# What would you say of me?



## Moon Pix (Sep 19, 2009)

Light Leggy, I am stealing your idea.:crazy:

Let me know what my picture tells you about me. Im interested in astrology and supposedly the rising sign dictates what you look like physically. Id like your opinions. Be as nice or as mean as you want.


----------



## Vardigon (Oct 15, 2008)

I would guess Taurus as either Sun or Rising sign. You seem like an introvert to me, perhaps INTP.


----------



## skycloud86 (Jul 15, 2009)

You actually remind me of a younger version of a science teacher I had in high school. I would agree with INT.


----------



## Linus (Apr 27, 2010)

Yea, when I first saw you, I thought NT.. 
and I do see someone interested in the occult, metaphysics etc...


Moon Pix said:


> Im interested in astrology and supposedly the rising sign dictates what you look like physically.

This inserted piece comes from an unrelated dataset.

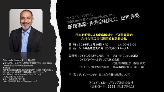 本日(2024/11/14)当社取締役会において、米国Linus Biotechnology, Inc.(以下ライナスバイオ社)と当社100%子会社のワイエイシイバイオ株式会社(以下、バイオ社)との共同出資出資(バイオ社:51%、ライナスバイオ社:49%)による新会社の設立を決定しました。

Is there any website that has explanations on the facial characteristics for each sign..?


----------



## Moon Pix (Sep 19, 2009)

Linus said:


> Yea, when I first saw you, I thought NT..
> and I do see someone interested in the occult, metaphysics etc...
> 
> 
> *Is there any website that has explanations on the facial characteristics for each sign..?*


Yes but they are usually quite vague. Im Aquarius rising and supposaedly this gives you an 'unusual' appearance. I do tend to get stared at a lot.


----------